Monday, February 28, 2011

NIH: Estimates of Funding for Various Conditions and Diseases



Estimates of Funding for Various Research, Condition, and Disease Categories (RCDC)

report.nih.gov:

Table Published: February 14, 2011

This table displays the annual support level for various research, condition, and disease categories based on grants, contracts, and other funding mechanisms used across the National Institutes of Health (NIH).

At the request of Congress, the NIH embarked on a process to provide better consistency and transparency in the reporting of its funded research.
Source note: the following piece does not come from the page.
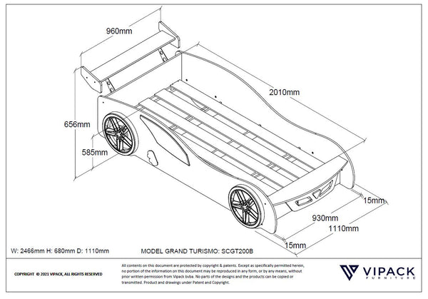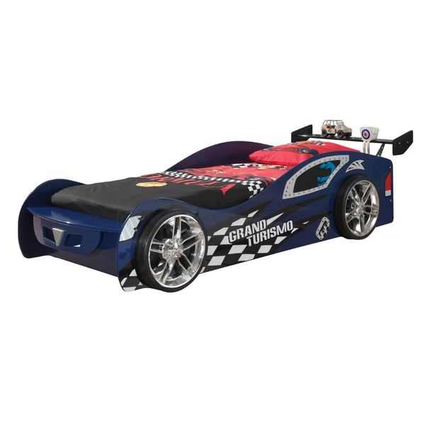 Grand Turismo autobed is vervaardigd uit blauw gelakte MDF. Het bed is inclusief lattenbodem en is geschikt voor een matras van 90x200cm.

This new process, implemented in 2008 through the Research, Condition, and Disease Categorization (RCDC) system, uses sophisticated text data mining (categorizing and clustering using words and multiword phrases) in conjunction with NIH-wide definitions used to match projects to categories. The definitions are a list of terms and concepts selected by NIH scientific experts to define a research category. The research category levels represent the NIH’s best estimates based on the category definitions.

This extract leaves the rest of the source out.